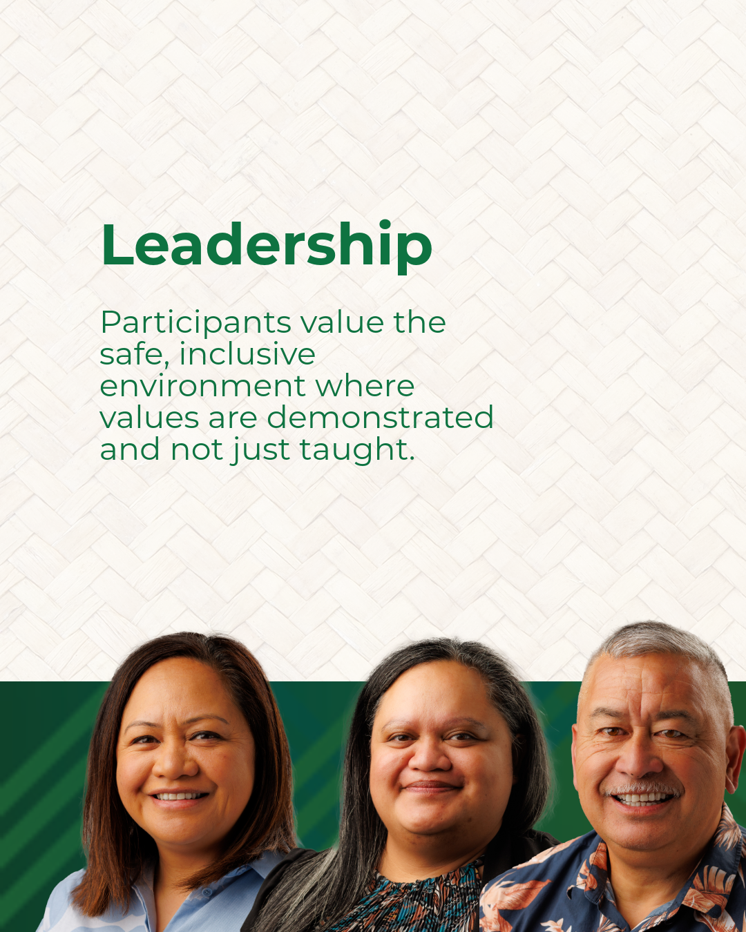 Leadership: Participants value the safe, inclusive environment where values are demonstrated and not just taught.
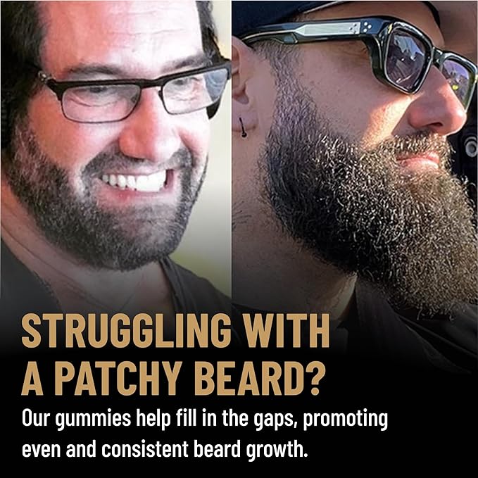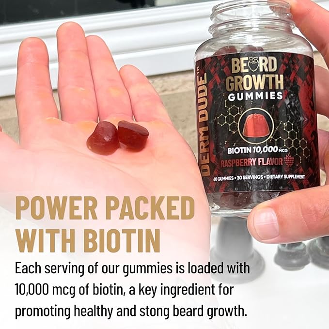 - THICKER, FULLER BEARD GROWTH: Derm Dude Beard Growth Gummies are specifically formulated with 10,000 mcg of biotin to support the growth of a denser, fuller beard. Biotin is known to improve hair strength, encouraging thicker and more robust facial hair.
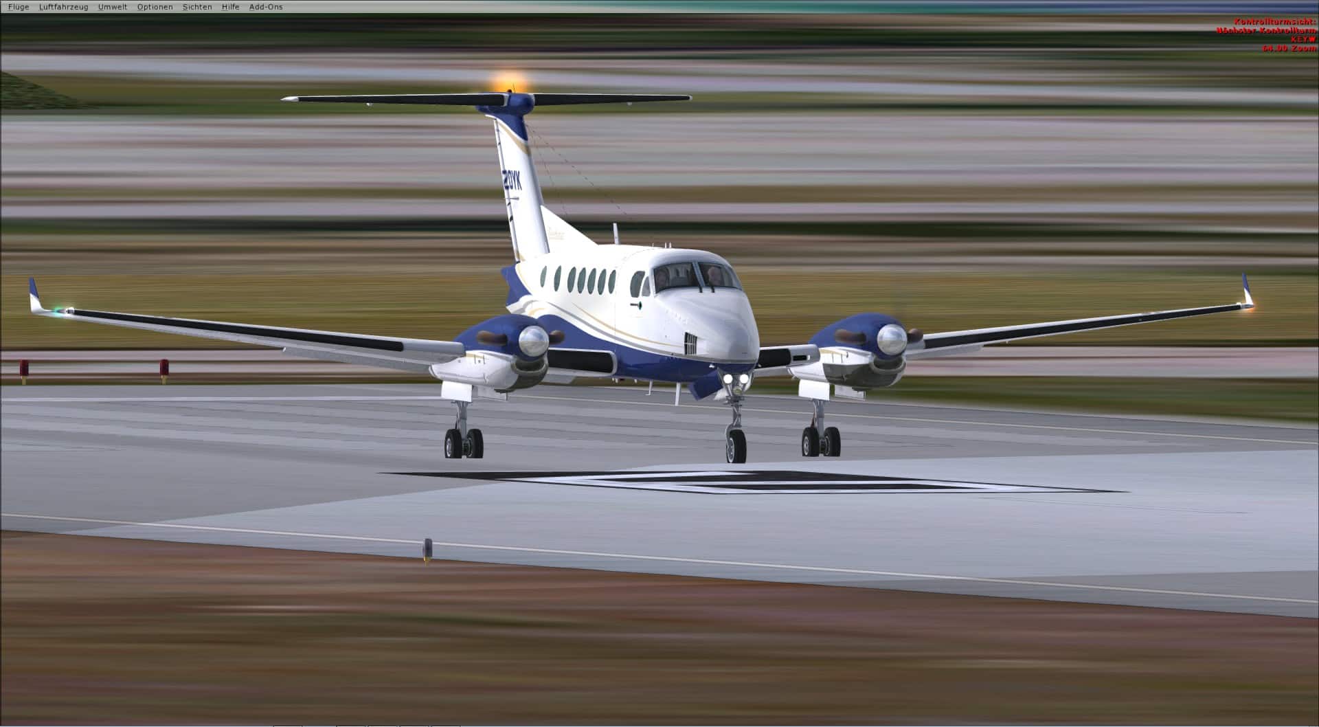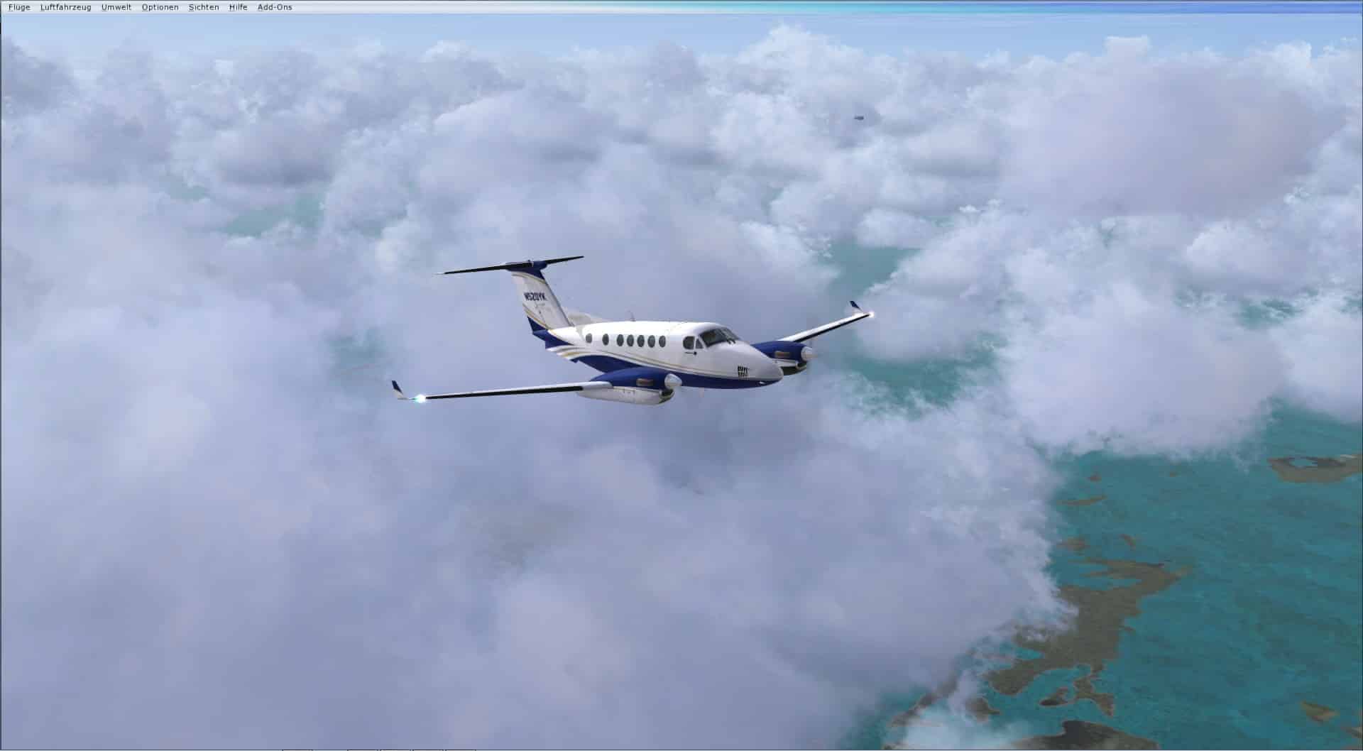 Die Flugeigenschaften einer Twin sind für mich recht glaubhaft abgebildet. Ein Triebwerksausfall bei v1 lässt einen wirklich schwitzen! Die Maschine lässt sich manuell grosso modo gut fliegen, wobei der Stubenpilot hier in einem janusköpfigen Flugzeug unterwegs ist: manchmal fühlt sich die Maschine an wie ein übermotorisierter zickiger GA-Turbinen-Zweimot, manchmal ist sie gemächlich und träge wie ein Airliner. Ob das der Realität entspricht, weiß ich natürlich nicht. Aber ganz so gutmütig und leicht zu fliegen, wie die King Air verschiedentlich beschrieben wird, hat Flight1 sie nicht programmiert.
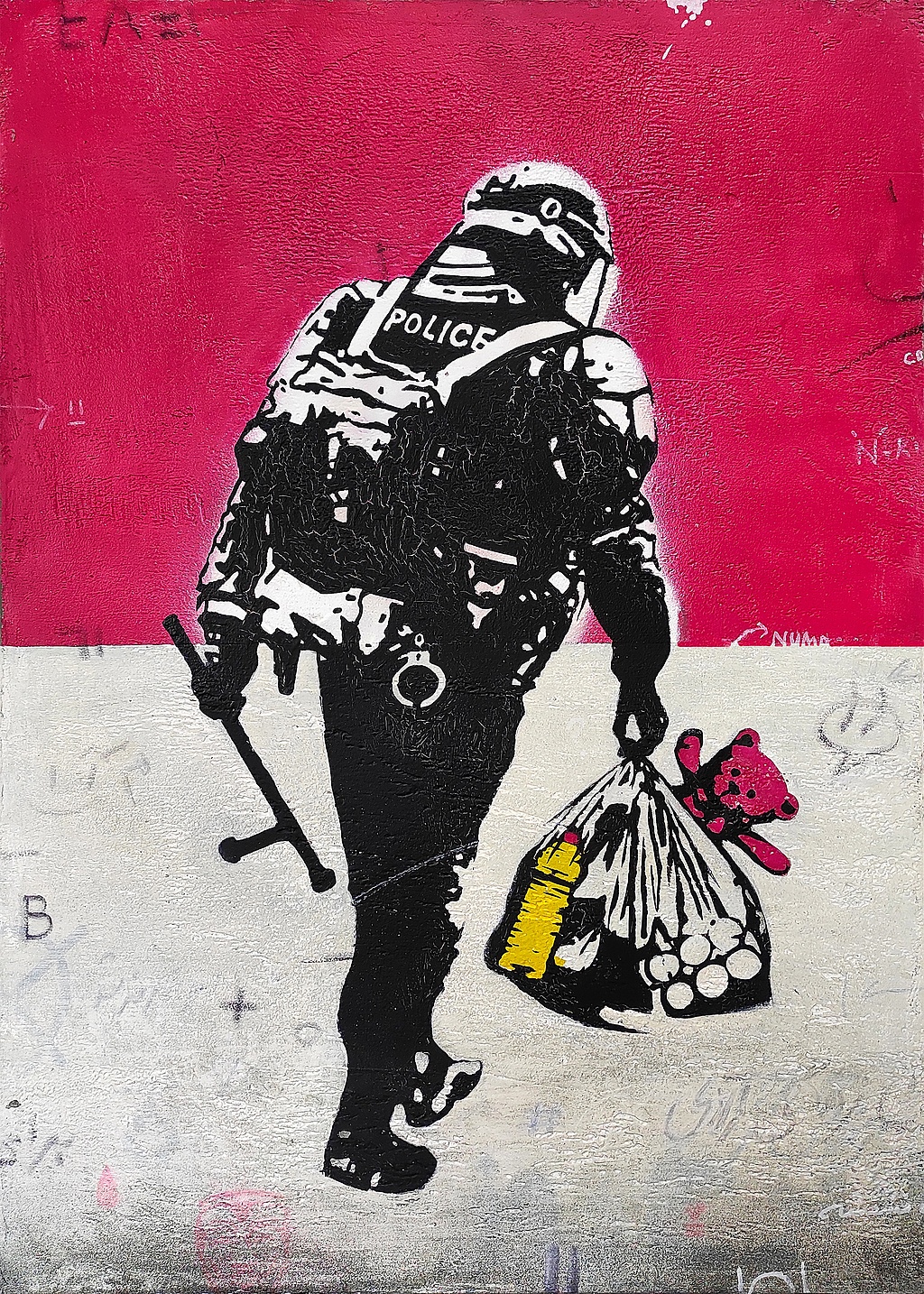 Kunstwerk von Amir Samavat zu den Protesten im Iran (70 x 100 cm, Mischtechnik, flexibler Zement auf Leinwand)
****************
# EXERCISE REQUIREMENTS
Restate word for word only the lines that run from the line holding "Die Flugeigenschaften einer" to the end of the data, both ends kept, leaving every picture out.

# SOLUTION TO THE EXERCISE
 Die Flugeigenschaften einer Twin sind für mich recht glaubhaft abgebildet. Ein Triebwerksausfall bei v1 lässt einen wirklich schwitzen! Die Maschine lässt sich manuell grosso modo gut fliegen, wobei der Stubenpilot hier in einem janusköpfigen Flugzeug unterwegs ist: manchmal fühlt sich die Maschine an wie ein übermotorisierter zickiger GA-Turbinen-Zweimot, manchmal ist sie gemächlich und träge wie ein Airliner. Ob das der Realität entspricht, weiß ich natürlich nicht. Aber ganz so gutmütig und leicht zu fliegen, wie die King Air verschiedentlich beschrieben wird, hat Flight1 sie nicht programmiert.
 Kunstwerk von Amir Samavat zu den Protesten im Iran (70 x 100 cm, Mischtechnik, flexibler Zement auf Leinwand)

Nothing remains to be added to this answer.